**What the task asks**
The task requires repeating, word for word, the lines from the one with "Texas' Garbagemen Are Coming To Save Houston" through the end of the material, leaving out all pictures.

☆ ☆ ☆ ☆ ☆

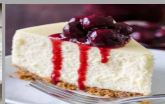
Cheesecake Old Fashioned
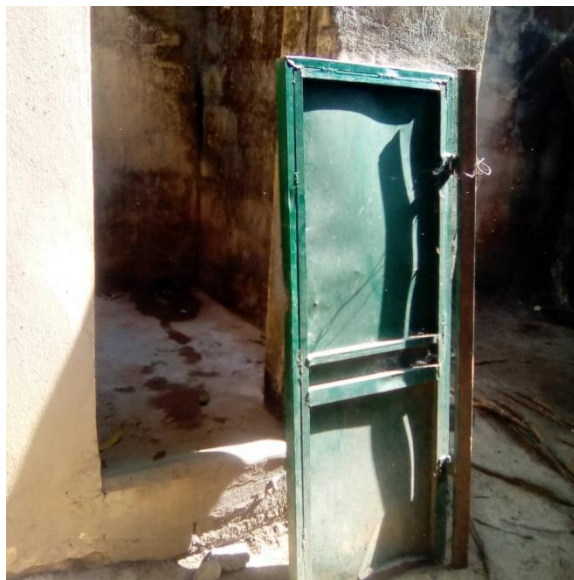
Plate 1: A door hanging on its hinges
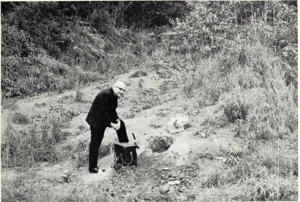
FIG. 1. Site of nest of Thygater analis near Antonina, Paraná, Brazil. Padre Moure is standing by the nest.
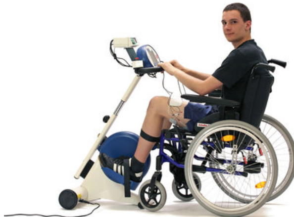
Figure 6. “RehaMove” FES System coupled with Motomed stationary bike

The stationary type of cycling ergometer is usually used for aerobic exercise training in subjects with an SCI to condition their muscle strength and enhance cardiopulmonary function.
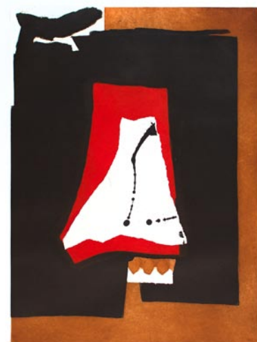
From Alphabet Series by Robert Motherwell

Hughes Gallery , 2015 Ayrsley Town Blvd. @ N Kings Parade, Ste. 107-c, Charlotte. Ongoing - The gallery is a modern art gallery with a focus on sculpture, installation, works on paper, photography and painting. Hours: Mon.-Sat., 10am-6pm. Contact: 704/492-9934 or at ( www.hughesgallery.artlogsites.com ).
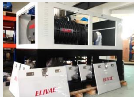
ELIVAC Factory in China

An International Brand with Proven Swiss Quality
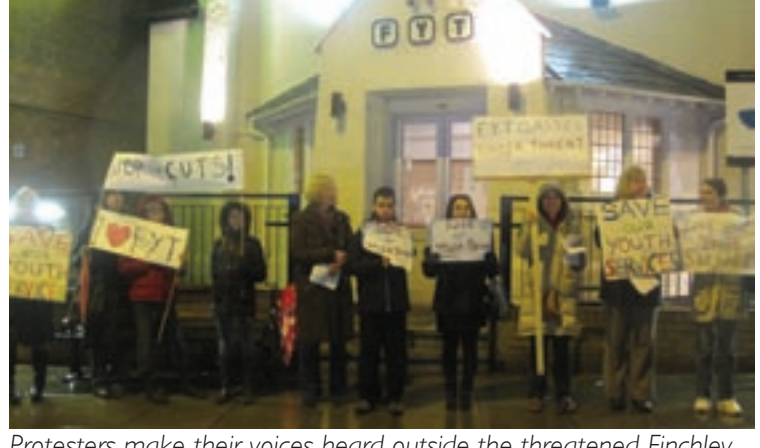
Protesters make their voices heard outside the threatened Finchlev Youth Theatre.
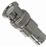
BNC Adapter KLS1-BNC025
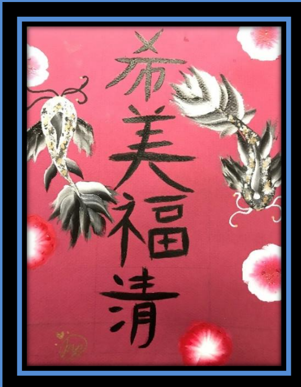
Grace - 10 th grade
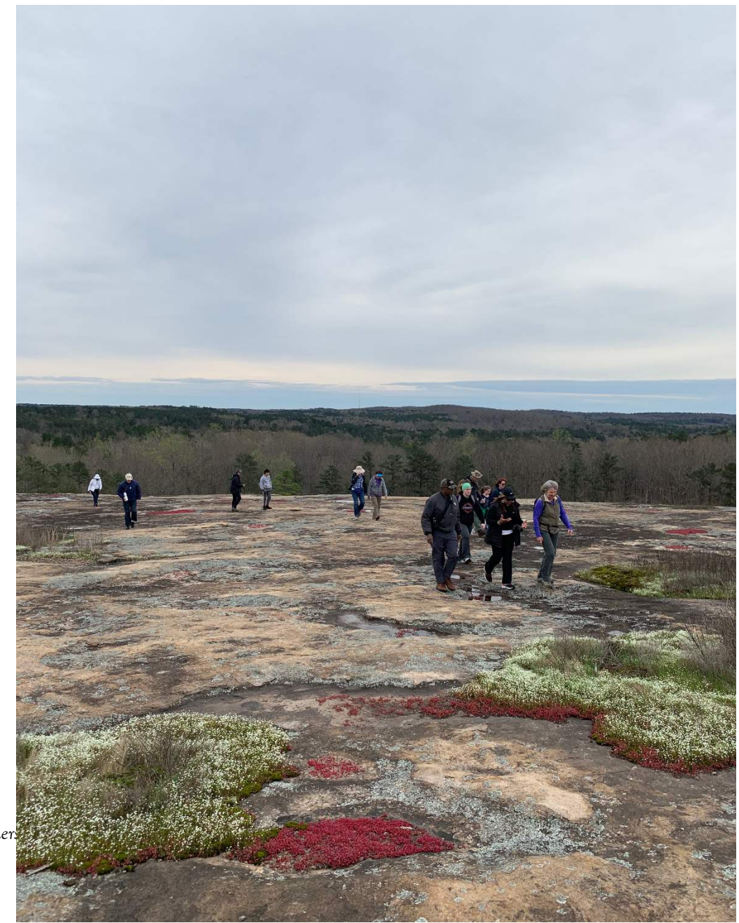
A group of hikers
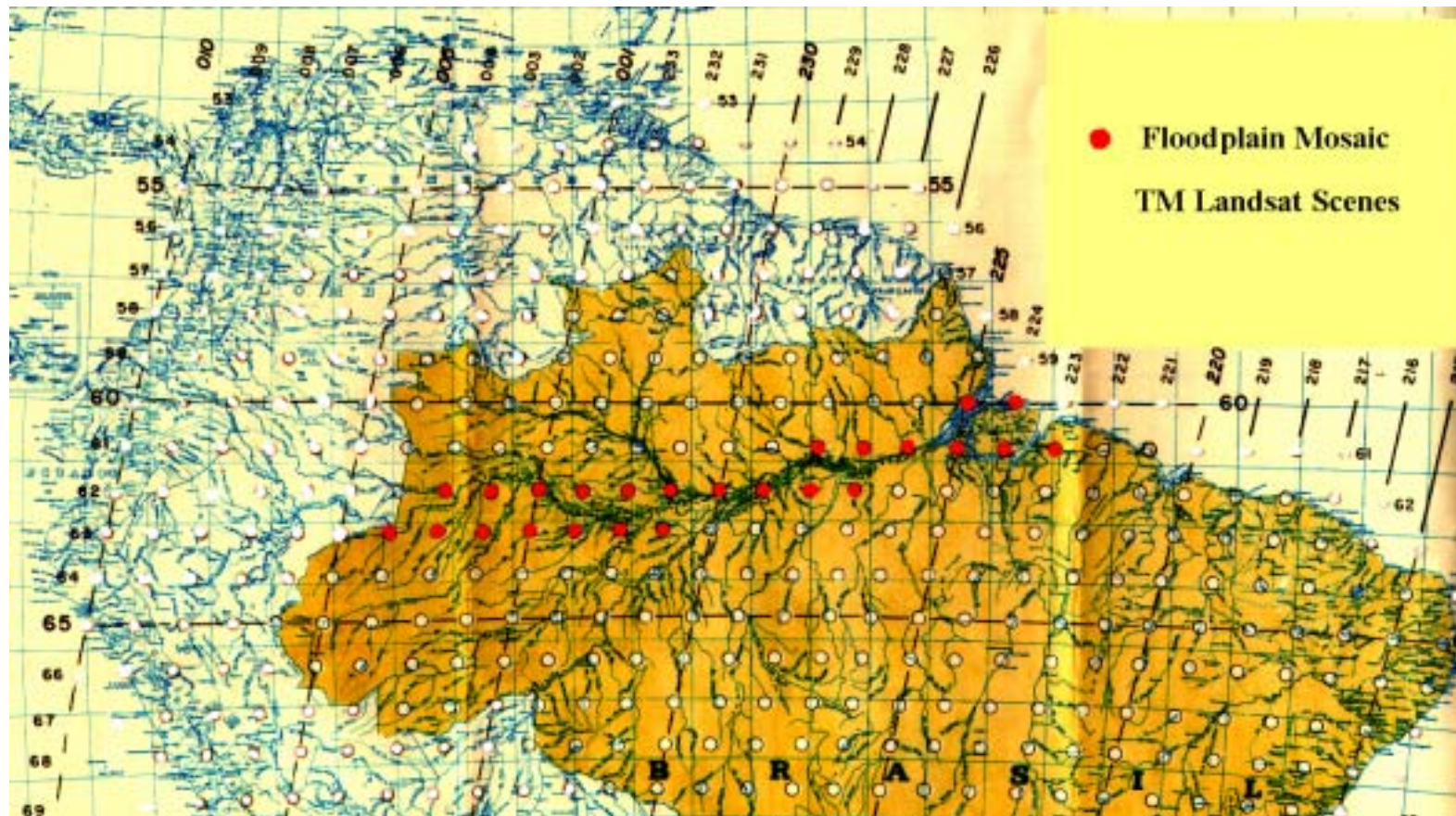
Figure 1 - Landsat scenes to be used to build the floodplain mosaic.
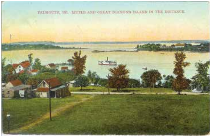
1909 view from Falmouth shore with steamboat.

During the 1800s, Falmouth sent soldiers to battle in three major wars including the War of 1812 and the Spanish American War. When Confederate forces fired on Fort Sumter in 1861, Maine's governor called for the formation of ten regiments of volunteer infantry. Of the 73,000 Mainers who served in the Union Army, Falmouth sent at least 102 men to battle during the Civil War. Soldiers from Falmouth saw heavy fighting in units that sustained some of the highest percentage of casualties of all federal regiments.
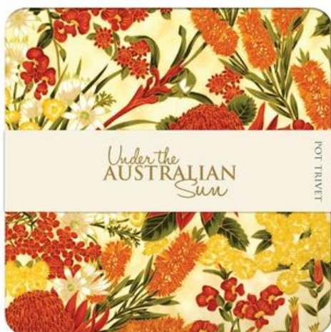
UTAS Trivet - Cream Orange
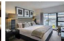
CHRISTCHURCH The George Hotel
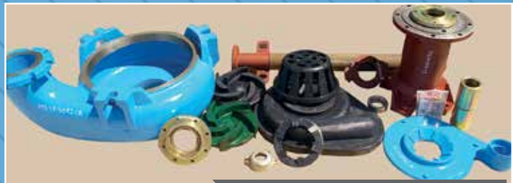
PARTS TO SUIT SUMP PUMPS
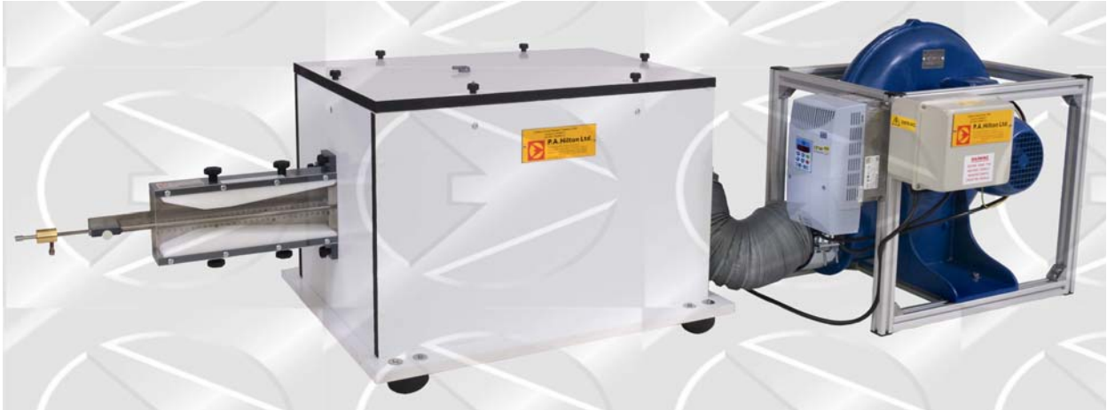
Figure 1: F100 base unit (comprising a Centrifugal Fan and a Plenum Chamber) with Optional F100B fitted
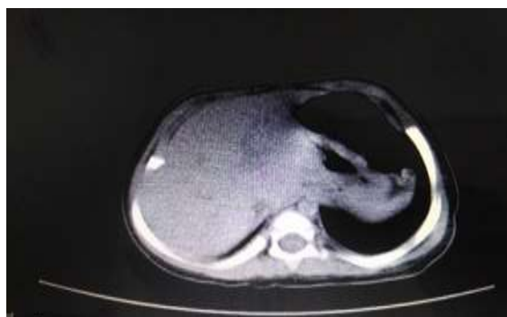
Figure 2. Abdominopelvic CT scan after paracentesis in the previous admission to another hospital
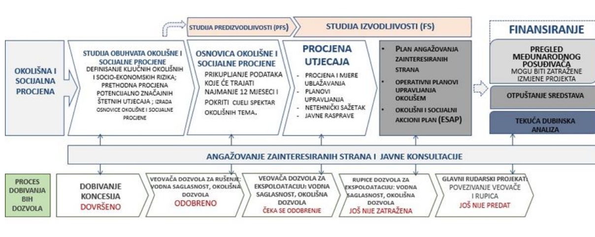
Figure 4.1 ESIA Process aligned with Technical Studies and BiH Permitting Process

Stakeholder consultation is a vital component of the ESIA process and technical studies (Figure 4.1). Consultation was initiated during the scoping study for the ESIA and has continued throughout the baseline period and once the impact assessment documentation was completed in draft. Key stakeholders were being identified and interviewed as part of this process and engagement with them was and is ongoing.
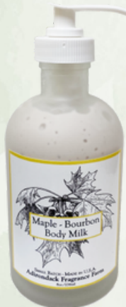
Maple - Bourbon

#FA4027001-8 - 8 oz frosted glass Price: $28
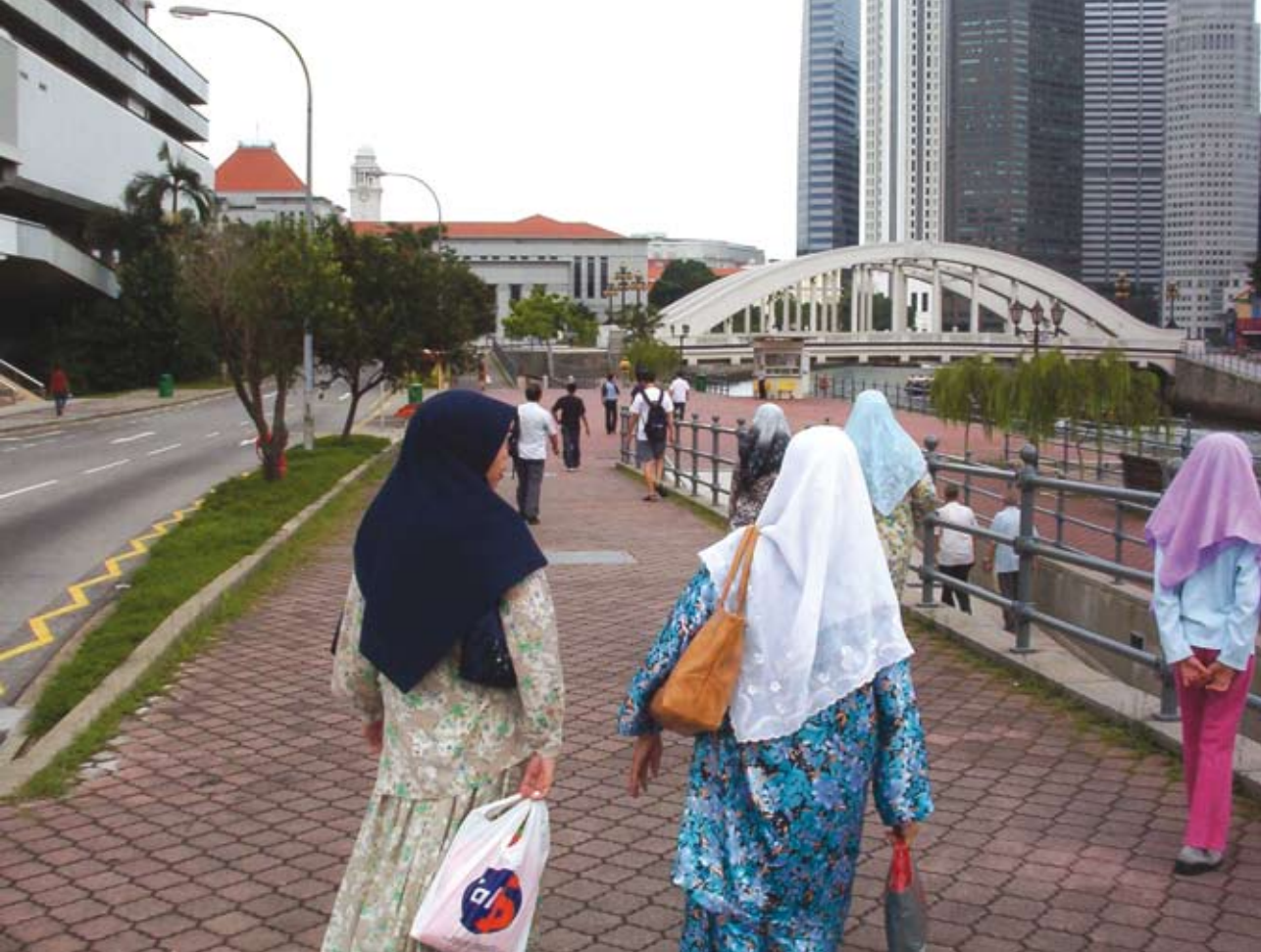
Wearing the tudung can exclude you from school, jobs and promotion. Photo by Michael D. Barr, 2003

shunning interracial activities, whereas it failed to criticise the majority of Chinese Singaporeans who mix almost exclusively with their own race. 3 Second, there is no evidence at all to support the suggestion that Muslims are centring their lives on the mosque.
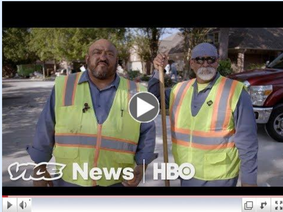
Texas' Garbagemen Are Coming To Save Houston

Though the historic floods caused by Hurricane Harvey have receded, the piles of trash and debris deposited on residential streets throughout Houston have not. And with local landfills doubled in volume, the city found itself in need of help from neighboring cities.
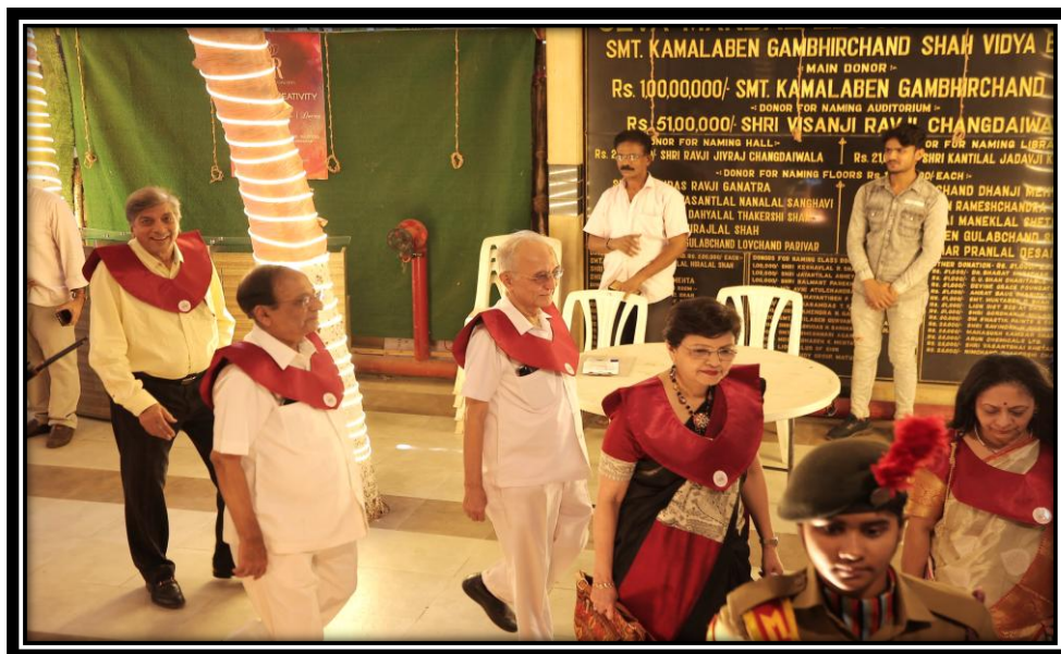
Arrival of the chief guest, management members, Principal Incharge and rank-holders with the graduation ceremony procession.
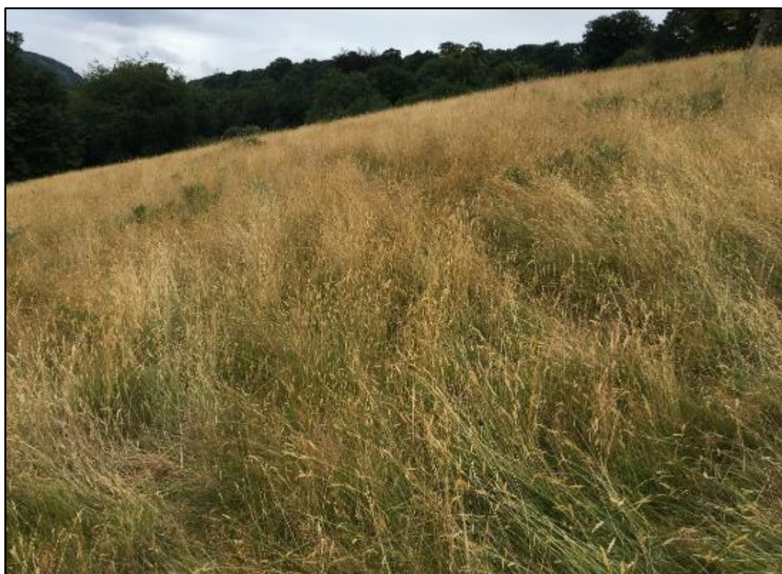
Nettlecombe Court Slope. July 2018

In July 2018 the Court Slope was found to contain a rather tall and increasingly coarse grass-dominated sward and it was evident that there had been no recent livestock grazing here. Holcus lanatus (Yorkshire Fog) was frequent across the slope and both Dactylis glomerata (Cocksfoot) and Taraxacum officinale agg. (Dandelion) were occasional throughout. The key community indicator species for U4 acidic grassland – Festuca ovina , Agrostis capillaris , Anthoxanthum odoratum and the moss Rhytidiadelphus squarrosus still formed the bulk of the vegetation but low-growing forbs such as Potentilla erecta and Galium saxatile were not recorded. Both Achillea millefolium (Yarrow) and Trifolium repens (White Clover) were however widely present and further added to the somewhat mesotrophic character of the grassland.
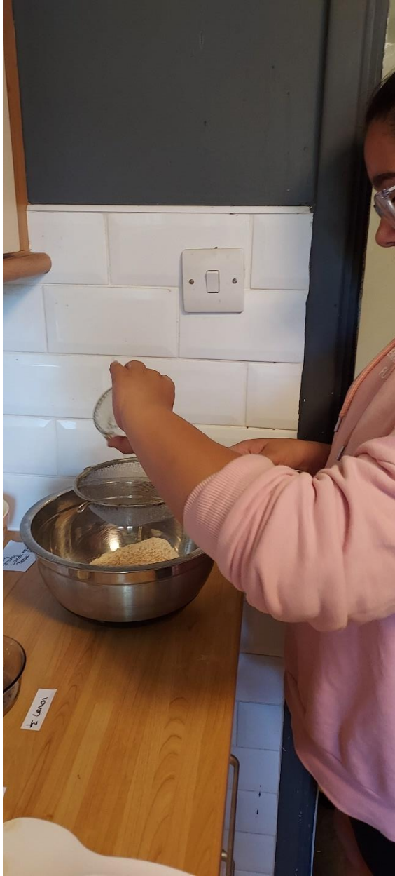
add the yeast,
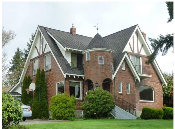
Grade 10/Year Built 1939/Total Living Area 3240 SF
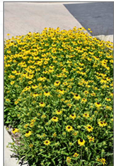
Viette's Little Suzy Coneflower in bloom
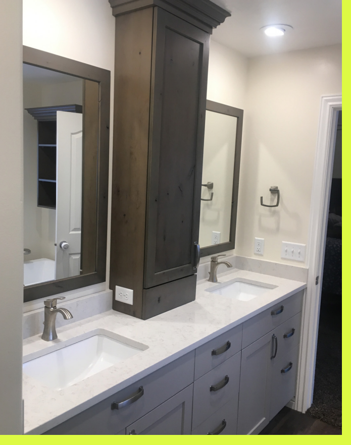
Another bathroom for two with a more
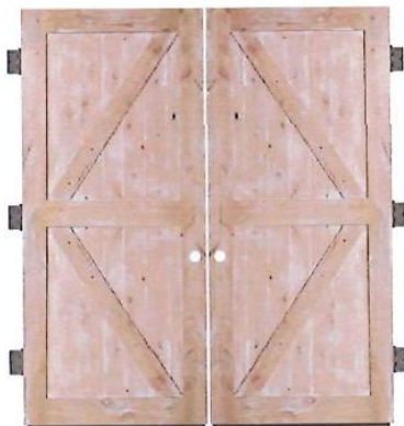
209 Water Street
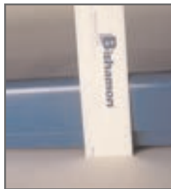
2.9" Lowered Height On Models Up To 1,100lbs
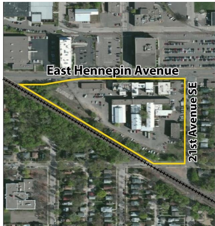
Figure 3: Aerial view of the site

Once the ground water treatment system was in place, the site could safely support reuse. After the Henkel Corporation put the property on the market, it eventually sold at auction to B.B.D. Holdings, a real estate investment group, around 1990. B.B.D. Holdings could have torn down on-
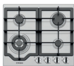
Westinghouse 600mm Gas Cooktop
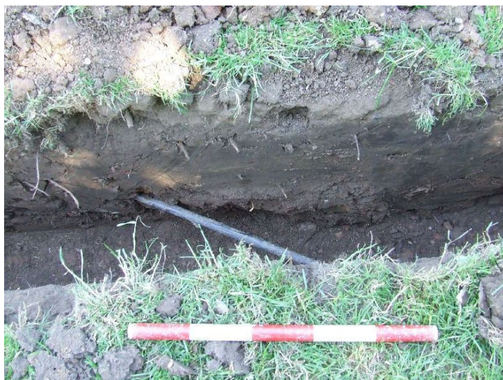
Plate 3 A modern service pipe in the north-north-west to south-south-east aligned portion of the trench
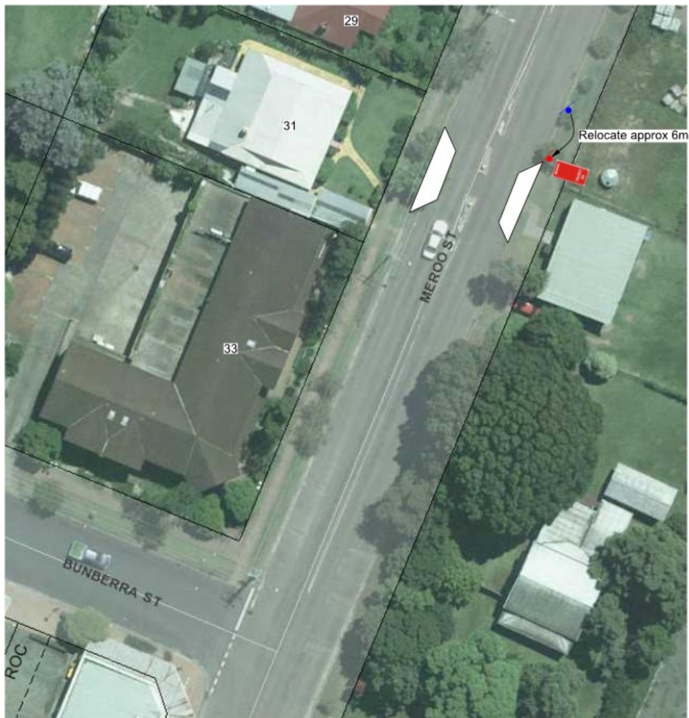
Proposed Parking Restriction Amendments Meroo St, Bomaderry

☆ ☆ ☆ ☆ ☆

**Written solution**
Texas' Garbagemen Are Coming To Save Houston

Though the historic floods caused by Hurricane Harvey have receded, the piles of trash and debris deposited on residential streets throughout Houston have not. And with local landfills doubled in volume, the city found itself in need of help from neighboring cities.
Arrival of the chief guest, management members, Principal Incharge and rank-holders with the graduation ceremony procession.
Nettlecombe Court Slope. July 2018

In July 2018 the Court Slope was found to contain a rather tall and increasingly coarse grass-dominated sward and it was evident that there had been no recent livestock grazing here. Holcus lanatus (Yorkshire Fog) was frequent across the slope and both Dactylis glomerata (Cocksfoot) and Taraxacum officinale agg. (Dandelion) were occasional throughout. The key community indicator species for U4 acidic grassland – Festuca ovina , Agrostis capillaris , Anthoxanthum odoratum and the moss Rhytidiadelphus squarrosus still formed the bulk of the vegetation but low-growing forbs such as Potentilla erecta and Galium saxatile were not recorded. Both Achillea millefolium (Yarrow) and Trifolium repens (White Clover) were however widely present and further added to the somewhat mesotrophic character of the grassland.
add the yeast,
Grade 10/Year Built 1939/Total Living Area 3240 SF
Viette's Little Suzy Coneflower in bloom
Another bathroom for two with a more
209 Water Street
2.9" Lowered Height On Models Up To 1,100lbs
Figure 3: Aerial view of the site

Once the ground water treatment system was in place, the site could safely support reuse. After the Henkel Corporation put the property on the market, it eventually sold at auction to B.B.D. Holdings, a real estate investment group, around 1990. B.B.D. Holdings could have torn down on-
Westinghouse 600mm Gas Cooktop
Plate 3 A modern service pipe in the north-north-west to south-south-east aligned portion of the trench
Proposed Parking Restriction Amendments Meroo St, Bomaderry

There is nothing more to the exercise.